Please don’t just say ‘I don’t know’. Lie, if necessary. :slight_smile:

There are some general trends. The hippocampus has a very important role in memory. Some of the more “basic” brain structures like the hypothalamus and pituitary gland are somewhat well understood. We know what life functions the brain stem supports. However, you are talking about areas of the cortex where we know very little. The cortex is divided into lobes that are named for the rough types of functions that they are involved in (frontal, temporal, parietal, occipital). The lobes aren’t differentiated well in neither anatomy or function. Damage to substantial parts of the cortex doesn’t always wipe out the functions that are believed to be processed there.

There have been many studies that try to localize brain activity for certain kinds of tasks. Those are consistent for many people (sex differences show trends too) and for the same person over time. However, there are plenty of people that sustain brain damage in the areas thought to be responsible for that activity and they get along with little or no impairment. The brain can certainly rewire itself on demand with varying degress of success. The types of tasks that researchers have used are doing mental spatial manipulation or listening to music. I don’t think they have had much success with people visualizing a bear versus an elephant riding a bicycle.

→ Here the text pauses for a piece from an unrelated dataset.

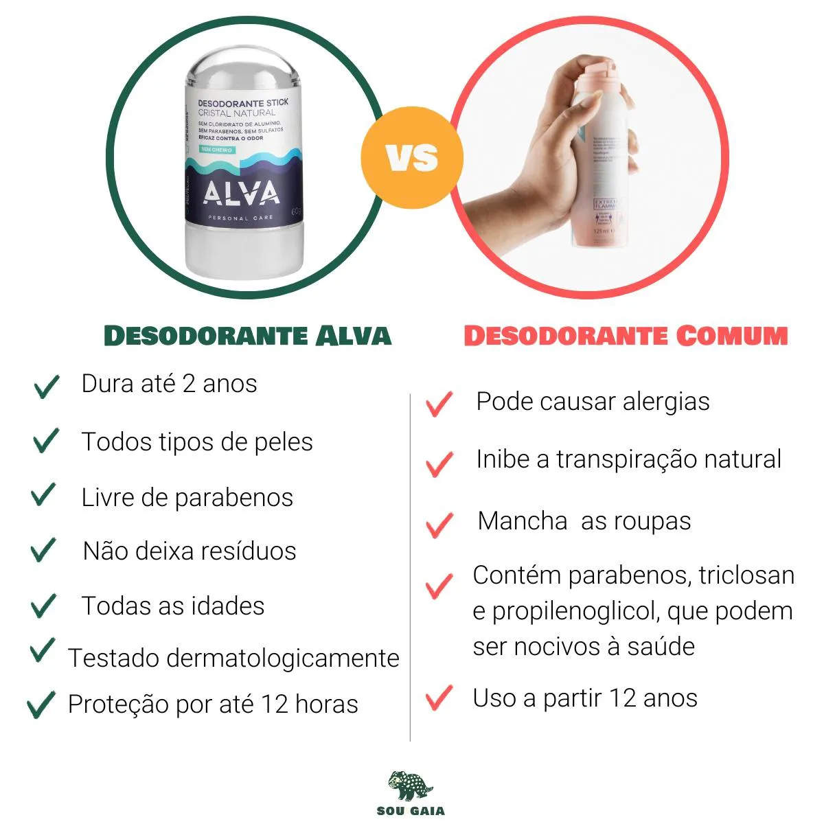 O Desodorante Cristal Alva é elaborado com um sal Mineral natural. Com duração de até 2 anos, ele combate as bactérias causadoras do mau odor sem obstruir os poros, não deixa manchas nas roupas ou resíduos na pele - e é a alternativa natural perfeita para cuidar de você!  O único ingrediente do Desodorante Cristal Alva é o alúmen de potássio, um poderoso sal mineral com efeito antibacteriano, que impede a proliferação de bactérias causadoras de maus odores. O alúmen de potássio não é absorvido pela pele por ter moléculas grandes, e reduz levemente a transpiração sem entupir os poros.       Ele é bactericida, pois elimina as bactérias que causam o cheiro e faz com que nosso Corpo transpire normalmente. O alúmen está presente normalmente em grandes depósitos em todo o mundo, em áreas de atividade vulcânica.       Alva Naturkosmetik é uma marca alemã premiada por seus produtos naturais.       Como funciona o nosso corpo?   Nós precisamos suar, é no suor onde liberamos toxinas, controlamos PH e temperatura do corpo, quando colocamos um desodorante antitranspirante, impedimos que todas essas reações naturais do corpo aconteçam.       E para onde vai essas toxinas?   Fica no nosso corpo, numa região super sensível que é a nossa mama, isso causa alergias, irritações, foliculite, nódulos e até mesmo doenças mais graves.       Por que o alúmen é tão eficaz nos desodorantes?   Quando o corpo humano transpira é liberado basicamente sal e água através das glândulas sudoríparas. Contrariamente à crença popular, o suor não tem um cheiro distinto. O cheiro desagradável é resultado do contato do suor com as bactérias do nosso corpo. As bactérias em nossa pele geralmente não produzem um odor perceptível, mas quando o suor está presente, a bactéria se prolifera rapidamente, criando cheiro. O alúmen é antimicrobiano, portanto, ele inibe o crescimento das bactérias das axilas.       Ao inibir o crescimento bacteriano o odor é impedido, e o corpo ainda é capaz de manter o seu próprio curso de eliminar toxinas através do suor, assim como de controlar a temperatura do corpo.       O desodorante da Alva é em forma de cristal que pode durar até 2 anos usando todos os dias. É translúcido, cristalino, inodoro e incolor e não mancha as roupas.        PRINCIPAIS BENEFÍCIOS:   - Sem cheiro e sem cor;   - Ideal para todos os tipos de peles, principalmente peles sensíveis;   - Adstringente (reduz o tamanho dos poros);   - Não mancha as roupas e não deixa resíduo;   - Bactericida;   - Cruelty Free;   - Vegano;   - Sem Álcool;   - Sem Triclosan;   - Sem Parabenos;   - Sem Perfume;   - Sem Cloridrato de Alumínio;   - Sustentável, por durar até dois anos, gera menos lixo que os desodorantes comuns;   - Não agride a camada de ozônio, já que não é aerossol, protegendo assim o planeta.       Modo de usar: Umedecer o cristal com água e aplicar em toda região das axilas, repetir quando secar ajuda na maior proteção. Não usar se a pele estiver lesionada ou irritada. Caso ocorra irritação suspender o uso. O cristal pode se soltar da base ao longo do uso. Se cair no chão, o cristal quebra.       Mudança de hábitos:       Esse é um produto que requer um novo ciclo, sempre explicamos para as pessoas que usam os nossos desodorantes que o processo de troca de um desodorante com o antitranspirante (cloridrato de alumínio) tem um processo de adaptação que pode demorar uns 15 dias.       Alinhados com uma alimentação saudável, muita água e exercício físico o resultado é fantástico.       Todas as mudanças que temos em nossas vidas o nosso corpo sente, imagine, quando estamos usando os desodorantes convencionais, acostumamos nossa pele a não suar a vida toda, a não eliminar toxinas, e quando você começa a fazer isso, temos um período de adaptação.   Composição: Potassium Alum.   Fórmula livre de: óleo mineral, parafinas e outros derivados de petróleo, silicones, parabenos, ftalatos, tolueno, laurel, sulfato de sódio, cloridrato de alumínio, polietilenoglicóis (PEGs, liberadores de formaldeído, corantes e fragrâncias sintéticas, triclosan, metais pesados, talco e produtos de origem animal.    Não é testado em animais.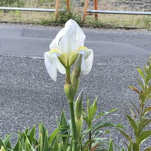 ①②ニオイイリス 舗道の植栽 朝一に散歩でパチリ🤳 これも春先の好きな花。 上弁(内花被片)が丸く抱き合うように…。 下弁(外花被片)が垂れて付け根にヒゲ🌱 ジャーマンアイリスの祖先の一つらしい⭐️ 故郷の庭先に咲いてた懐かしい春の花♡♡ 🏊♀️プール帰りに通ったら✂︎無くなってました😮💨 なんと世知辛い‥😳🤗

The brain is not a computer. In fact, it has remarkably little similarity with a computer. Localizing processes is not straightforward at all.

Thank you again for your responses. I guess the basic answer is that we are still way too far away to do what I want to do, which is fine for me - it is a science fiction idea anyway!

I just always had the suspicion that with our current level of technology (including seismometers that can register small earthquakes half a world away), we’d be able to register highly detailed electrical patterns associated with imagined scenes, if not interpret them.